After I was done eating, I immediately left. Walking down the street, I couldn't help but be bothered by the seemingly happy couples around me. I had the sudden urge to pull them apart, do something terrible to their bond or just tell them to get lost.
But I suppressed these thoughts. It wouldn't do me any good. At least they were happy. I wouldn't kill their happiness just because of my jealousy. They were so lucky to have each other. Still alive. Still so much in love.
I was starting to hate Valentine's Day.
Arriving at a deserted part of town through which their was a way to the dorm building, I was starting to feel a little chilly.
I couldn't stop thinking about Jake. I've been thinking a lot about him than I ever did before. Was there anyway he could return? If only I had a time machine, I would turn back time, be with him and ensure nobody could harm him. I would protect him from everything and we would be happy together. I would do anything to get him back, anything. I just wanted him back in my life.

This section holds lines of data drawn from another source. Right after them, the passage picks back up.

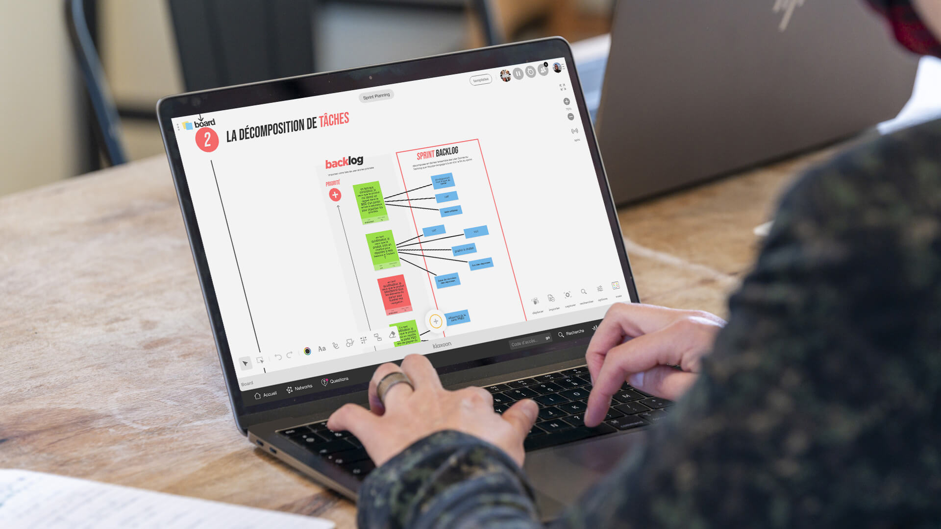 Le Product Owner entre en jeu en copiant-collant les user stories que vous aurez déjà définies grâce au template Product Backlog, ou bien en les important depuis un tableur. Chronométrez, grâce au timer situé en haut de votre board, une session de 45 min de questions-réponses sur les fonctionnalités à développer et à améliorer, puis choisissez en équipe celles à conserver pour votre sprint. Passez-les dans une autre couleur afin de les faire ressortir puis demandez à l’équipe développement de les décomposer en plusieurs tâches. Il s’agit de lister toutes les actions nécessaires pour rendre la fonctionnalité livrable, puis de les passer dans la partie Sprint Backlog et de les relier à chaque user story concernée via les connecteurs.
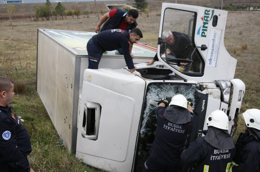 Devrilen kamyonetin sürücüsü Suat Altınkanat ve yanındaki Erhan Polat (30) kazada yaralandı. Polat araçtan kendi imkanları ile çıktı. Sürücü için ise itfaiyeden yardım istendi. Kaza yerine itfaiye, polis ve 112 ekipleri sevk edildi. Sağlık ekiplerinin ilk müdahaleyi kamyonetin içinde yaptığı yaralı sürücü, ön cam kırılarak araçtan çıkarıldı. Ambulansa alınan sürücü ve arkadaşı Orhangazi Devlet Hastanesi'ne kaldırıldı. Yaralıların sağlık durumunun iyi olduğu öğrenilirken, kazayla alakalı tahkikat başlatıldı.
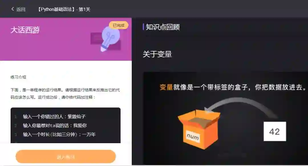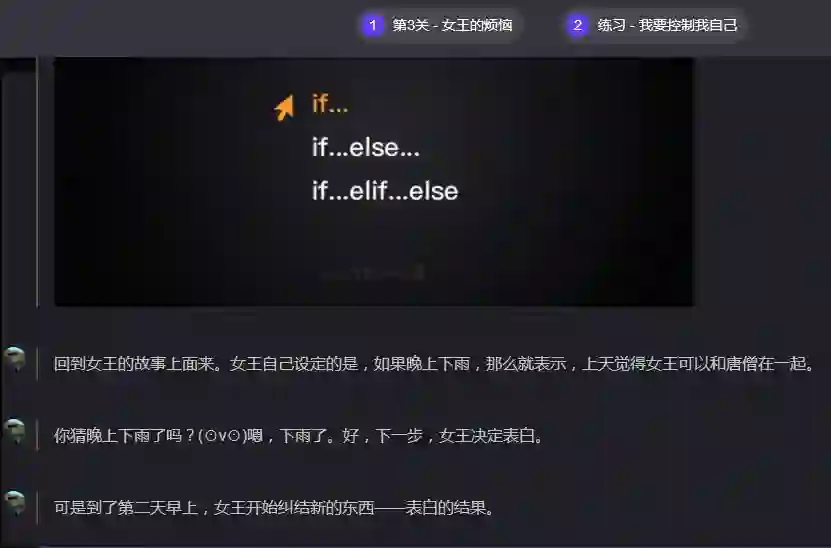 「Python小课」致力于消除编程专属于程序员的错误认知,区别于传统的编程学习,不用看书,不用看视频;「Python小课」采用了交互式设计,穿插趣味横生的场景,让你越学越上瘾。
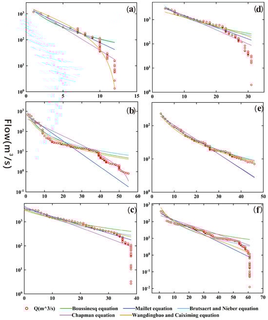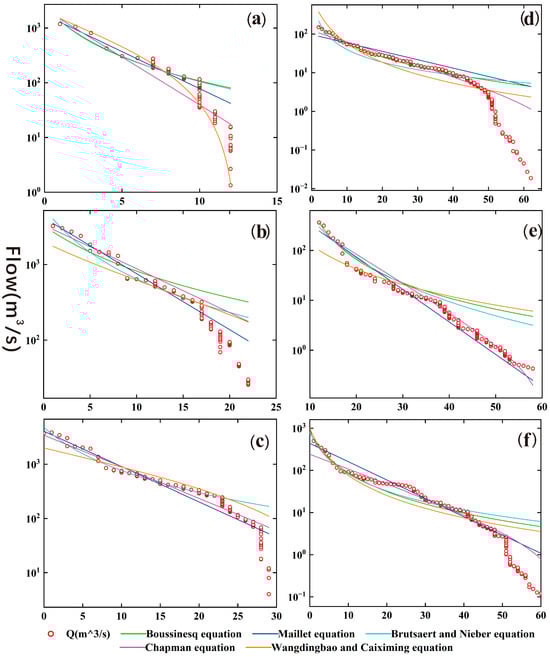 The data points in Figure 5a of the figure (Figure 5) exhibit a significant, abrupt downward trend at the tail end. Except for the Wangdingbao and Caiximing functions, which can fit the tail-end downward trend, all other functions can only match the front-end trend of the data. From the graph, it can be seen that the Boussinesq function, Maillet function, Brutsaert and Nieber function, and Chapman function all show a decreasing slope trend. In contrast, the Wangdingbao and Caiximing functions show an increasing slope trend. In terms of fitting degree, the Boussinesq function has a better fitting degree; the data points in Figure 5b show a significant, abrupt downward trend after time 40. From the graph, it can be seen that the Boussinesq function, Brutsaert and Nieber function, and Wangdingbao and Caiximing function all have a decreasing slope. In contrast, the Maillet function and Chapman function have an increasing slope. In terms of fitting degree, the Boussinesq function, Brutsaert and Nieber function, and Wangdingbao and Caiximing function fit better, while the Maillet function and Chapman function deviate far from the data points and fail to fit the data points well; the data points in Figure 5c show a significant, abrupt downward trend at the end. From the graph, except for the Chapman function, all other functions show a decreasing slope. In terms of fitting degree, the Boussinesq function, Maillet function, Brutsaert and Nieber function, and Wangdingbao and Caiximing function fit better, while the Chapman function can only fit a small number of data points. The data points in Figure 5d show a significant, abrupt downward trend at the end. From the graph, it can be seen that all functions have a decreasing slope. In terms of fitting degree, except for Chapman’s function, the fitting degree of other functions is very high, which can match the vast majority of data points. Except for the data with an abrupt downward trend at the end, the data can basically fall within the range of the fitting function. The data points in Figure 5e are different from those in other figures, and there is no abrupt decrease in the tail end. From the figure, all functions show a decreasing trend in slope. In terms of fitting degree, except for Chapman’s function, the other functions can basically fit all the data points and perfectly match all the experimental data. Currently, the fitting situation in this figure is the best among all the figures; the data points in Figure 5f exhibit a sudden decrease at time 60. From the graph, it can be seen that all functions show a decreasing slope trend. In terms of fitting degree, almost all functions have a certain degree of fitting difference, and there are cases of fitting mismatch. Relatively speaking, Brutsaert and Nieber function, Maillet function, and Wangdingbao and Caiximing function fit better.
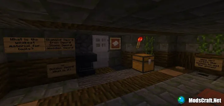 Карта Answer My Riddle: Quarter Maze представляет из себя ряд загадок, которые связаны с игрой Minecraft. Докажите, что вы истинный игрок этой игры, ответив на большинство вопросов. Это довольно интересно, так как карта не включает в себя какого-либо задания, боев или же паркура..
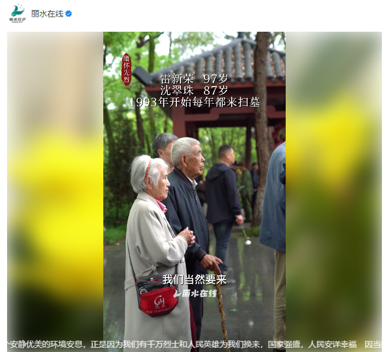 丽水在线:丽水一对九旬老夫妇冒雨来到万象山革命烈士陵园祭扫
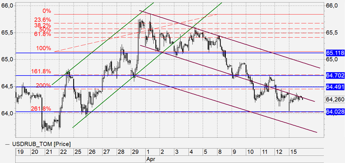 Рубль: на открытии за счет гэпа рынок выполнил цель на 65.05 и затем поспешил закрыть ценовой разрыв. Сегодня мы будем штурмовать 64.00, только при условии роста цен на нефть. В противном случае, нас ждет рост выше 64.50 с несколько неясным дальнейшим развитием событий.
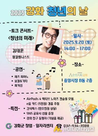 강화군 창업·일자리센터가 오는 20일 14시~17시, 중앙시장 B동 2층 유유기지 강화에서 2025 청년의 날 맞이 기념행사인 ‘청년, 로컬을 디자인하다’를 개최한다고 밝혔다.
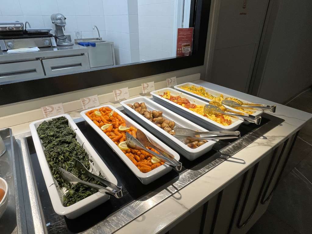 Die Primeclass Lounge in Rom-Fiumicino überzeugt mit einer abwechslungsreichen Auswahl an Speisen und Getränken, die Vielfliegern den Aufenthalt verschönert. Das Buffet bietet eine solide Palette an Optionen: Frisches Obst wie Äpfel, Birnen und Orangen sorgt für eine leichte Verpflegung, während Brote, Brötchen und belegte Sandwiches für eine herzhafte Stärkung sorgen. Warme Gerichte wie gebratene Gemüse, Fleischbällchen und Spinat runden das Angebot ab – alles sauber präsentiert und leicht zugänglich. Ein separater Bereich mit Käse, Wurst und Oliven fügt eine mediterrane Note hinzu, und ein Getränkekühlschrank mit Softdrinks, Säften und Joghurts rundet die Auswahl ab.

How many years was I going to live like this? Like a lifeless body moving around. I didn't even want to be here. I didn't even want to do this.
I could see how Jake's absence has affected my life for the worst. And I wasn't doing anything to make it better. If it goes on like this, I don't think I can keep on living for long.
I didn't have anyone to live for anyway. My dad and mom forcefully sent me to this university to study and become an engineer when I don't want to. All they care about is themselves and their image. Seeing as I didn't have a goal in life except wail in despair, they knew they had to make a choice for me. I didn't object mainly because I no longer cared about what happened of me. It had been about four months since I had last talked to them. They haven't been much of parents to me. So what was my purpose of living? This was barely a life anyone would want to live.
"Claire," a low voice interrupted the silent night. I halted in my steps. The voice had come from behind me.
I turned around and what I saw startled me. There, hovering above the ground, was a girl. She seemed to give off a white light of her own.
"W-what are you?" I asked, my voice sounding hoarse and scratchy.
"Hi, I'm Vanessa Archer," she said, drifting closer and waving at me.
"No! Go away!" I yelled at her and shooed her with my bag which was half slung on my back.
"Hey," she said, moving back. "That's not very polite."
I screamed when she revealed a pair of wings on her back.
"Please, just listen to me," she said, coming closer again.
"No! Begone, you ghost!" I screeched at her.
"Can you please calm down for a second? I'm here to-" she was interrupted when I smacked her in the face with my bag.
"How dare you! You smacked me?!" She spit angrily and I swear I saw her eyes glow red for a second.
I screamed and ran off.
I kept running, never looking back. I ran and ran till I was tired. I hid in the narrow path between two buildings to catch my breath.
Did I really just see a ghost? I mean she did look like ghost. I could see right through her. When I smacked her with my bag, it didn't feel like my bag hit anything solid.
"Claire," I heard the same dreadful voice again. I looked around and saw her right next to me.
I raised my hand and punched her but my hand went right through her face, horrifying me.
"Can you please stop?!" She asked, annoyed.
"What are you? What do you want from me? Go away! Shoo!"
She huffed. "Don't be such a female dog! I wonder what Jake sees in you!"